Having no self-esteem can result in: not chasing the job you really want because you don’t think you’ve got a cat in hell’s chance of getting it; consistently pressing self-destruct in relationships because you’re scared that your partner can’t really love you and will, therefore, ultimately leave you (best to get in first); fail to form close bonds with people generally due to fear of being disliked and rejected; physical self-harm; abusing alcohol and/or illegal drugs; side-stepping further education because what’s the point when you’re stupid and will only fail anyway in everything you try to achieve; being selective and closed in your outlook, never daring to explore beyond your comfort zone; not looking after your health because you don’t think you’re worth it; sleeping with people who you don’t particularly like but who, for just a few moments, can make you feel loved; aiming low always, because it’s safer than having to face failure.

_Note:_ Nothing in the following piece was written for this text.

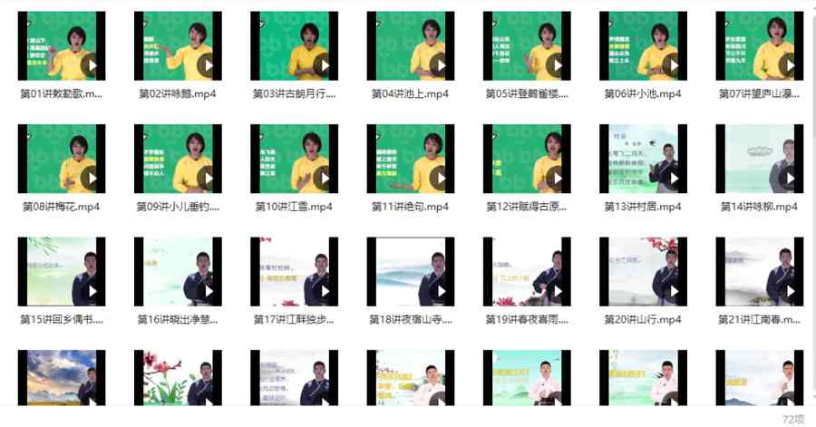 本资源为《摩比网校:摩比爱古诗》全172节视频课合集[MP4]百度云网盘下载,本次资源格式为MP4,做压缩包处理,避免资源丢失,不要直接在网盘解压,请先保存下载再解压便可播放。

The scary thing about having low self-esteem is that when in the midst of being that way, you often aren’t really aware of it. You don’t realise that the stupid things you keep doing, the repeated cycles of negativity from which you can’t seem to escape, are occurring because you don’t like yourself and don’t think you have the right to be fulfilled and content.

Fully accepting that you are an equal human being, who truly deserves to be as happy as any of the other seven billion people on the planet, is not an easy concept to grasp for many people. It took me years to work out the fact that I was just human, not inherently bad, not flawed to my core and destined to a life of unhappiness because I wasn’t good enough to have anything better. The bad relationships I accepted, the rubbish jobs I worked, the endless alcohol I necked, the days spent starving myself, the suicidal moments of utter despair…those things formed the backbone of my life for a very long time.

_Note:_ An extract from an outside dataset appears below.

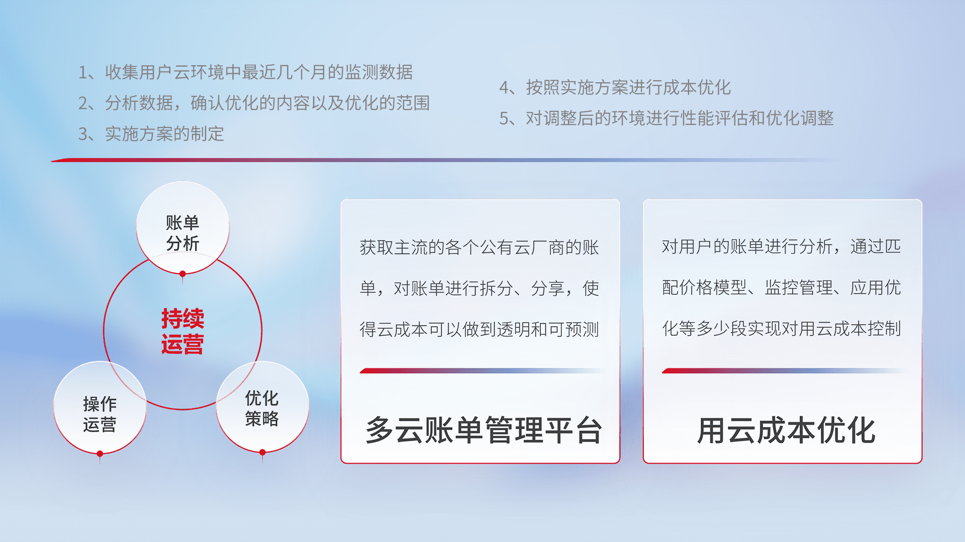 通过多云纳管,,,,以统一的资源数据模型把客户的云资源进行抽象和封装,,进而实现对多云资源的统一操作,,,,保障云资源管理的可靠性、、稳定性与可用性。。量身定制化运维内容,,,配置、、、、开发运维、、、补丁管理、、、备份、、监控、、、、认证和访问管理、、、审计和日常巡检等,,,,保障在用云过程中的可靠度,,稳定度以及高可用率。。。

Quitting alcohol will not magically make all of those things disappear, but what it did for me was provide me with breathing space to live a little, gain some clarity, not make any giant whacking mistakes and to learn a bit about the person I really am. And with all those small steps came a slow and steady increase in my self-esteem, which in turn led to me taking on bigger and better things, allowing myself to want and seek out relationships with people who I really loved instead of just anyone who was nice to me.

Finding self-esteem has meant that I am now able to be a positive role model for my two daughters, to show them how women can live and be happy and aim high and like the person they are, instead of constantly berating themselves and endlessly punishing their bodies for not being like Cindy Crawford’s; rather than accepting the bare minimum and a life of self-destruction; to grab all the opportunities that are there around us all, each and every day, there for the taking just so long as we have the courage and self-belief to do so.

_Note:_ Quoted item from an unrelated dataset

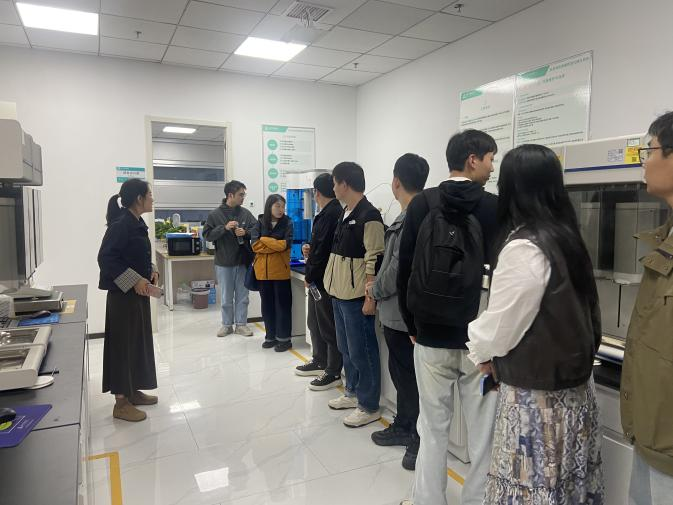 一行人参观了材料测试实验室,近距离观察了扫描电子显微镜、X射线光电子能谱仪、X射线衍射仪、全自动比表面及孔隙度分析仪等设备操作过程,了解这些技术在电池材料等化工领域的应用实例。特别值得一提的是,团队成员体验了“实时定位手环”等科技设备,了解其在科研测试中的创新应用,体现了科学指南针的前瞻性思维。

It just takes a leap of faith and a bit of courage, together with the knowledge that small steps do eventually lead to big things.

(Happy birthday to Isobel xx)

Flat Days, Evil Gym Classes & Proper Happiness

We are schooled in the West to expect each day to bring us happiness and perfection, and when these ideals fail to materialise we often feel disheartened and annoyed with ourselves, as if we are a failure. There’s an easy assumption to jump to when you decide to quit drinking, which is this: the booze was behind all my mistakes, it was the drinking that brought on the depression and the anxiety, it was all down to alcohol. And now that the drink is gone, everything will fall nicely into place.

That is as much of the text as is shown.